::: Records for this task

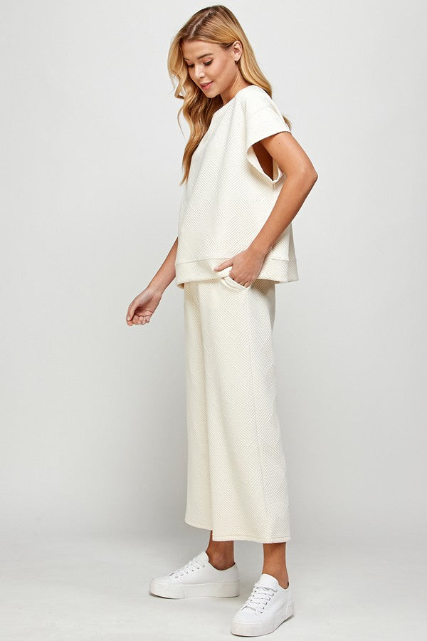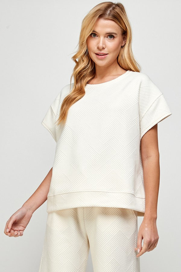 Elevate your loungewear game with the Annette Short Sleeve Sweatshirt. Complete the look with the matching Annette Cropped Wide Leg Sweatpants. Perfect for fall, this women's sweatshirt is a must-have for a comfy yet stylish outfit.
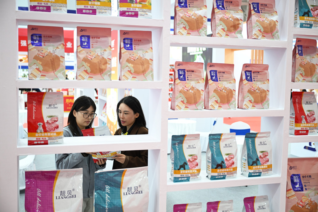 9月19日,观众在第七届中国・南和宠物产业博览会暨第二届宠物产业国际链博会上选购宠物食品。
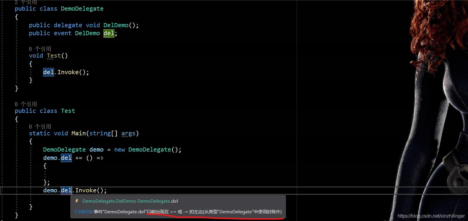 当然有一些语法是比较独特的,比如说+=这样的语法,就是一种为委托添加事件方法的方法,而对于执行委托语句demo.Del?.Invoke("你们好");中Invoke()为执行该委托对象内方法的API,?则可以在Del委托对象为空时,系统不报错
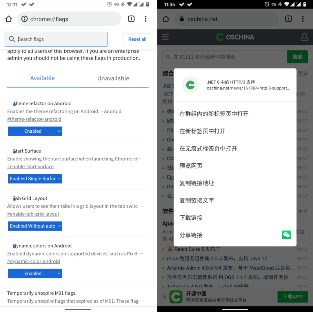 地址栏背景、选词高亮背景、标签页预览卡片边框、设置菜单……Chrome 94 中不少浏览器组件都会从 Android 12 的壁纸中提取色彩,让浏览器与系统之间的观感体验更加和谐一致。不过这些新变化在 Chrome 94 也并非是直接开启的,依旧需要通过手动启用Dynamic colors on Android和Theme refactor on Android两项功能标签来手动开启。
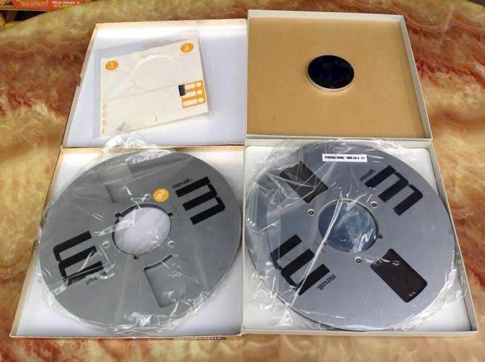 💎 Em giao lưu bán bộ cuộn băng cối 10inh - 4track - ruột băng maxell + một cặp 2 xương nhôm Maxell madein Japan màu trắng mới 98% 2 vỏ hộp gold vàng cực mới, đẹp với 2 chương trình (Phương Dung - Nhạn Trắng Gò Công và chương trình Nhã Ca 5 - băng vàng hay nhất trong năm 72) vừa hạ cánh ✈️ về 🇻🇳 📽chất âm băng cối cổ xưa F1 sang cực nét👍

::::::

Work order: Once the pictures are set aside, the remaining data must be transcribed exactly.

Written solution:
 Elevate your loungewear game with the Annette Short Sleeve Sweatshirt. Complete the look with the matching Annette Cropped Wide Leg Sweatpants. Perfect for fall, this women's sweatshirt is a must-have for a comfy yet stylish outfit.
 9月19日,观众在第七届中国・南和宠物产业博览会暨第二届宠物产业国际链博会上选购宠物食品。
 当然有一些语法是比较独特的,比如说+=这样的语法,就是一种为委托添加事件方法的方法,而对于执行委托语句demo.Del?.Invoke("你们好");中Invoke()为执行该委托对象内方法的API,?则可以在Del委托对象为空时,系统不报错
 地址栏背景、选词高亮背景、标签页预览卡片边框、设置菜单……Chrome 94 中不少浏览器组件都会从 Android 12 的壁纸中提取色彩,让浏览器与系统之间的观感体验更加和谐一致。不过这些新变化在 Chrome 94 也并非是直接开启的,依旧需要通过手动启用Dynamic colors on Android和Theme refactor on Android两项功能标签来手动开启。
 💎 Em giao lưu bán bộ cuộn băng cối 10inh - 4track - ruột băng maxell + một cặp 2 xương nhôm Maxell madein Japan màu trắng mới 98% 2 vỏ hộp gold vàng cực mới, đẹp với 2 chương trình (Phương Dung - Nhạn Trắng Gò Công và chương trình Nhã Ca 5 - băng vàng hay nhất trong năm 72) vừa hạ cánh ✈️ về 🇻🇳 📽chất âm băng cối cổ xưa F1 sang cực nét👍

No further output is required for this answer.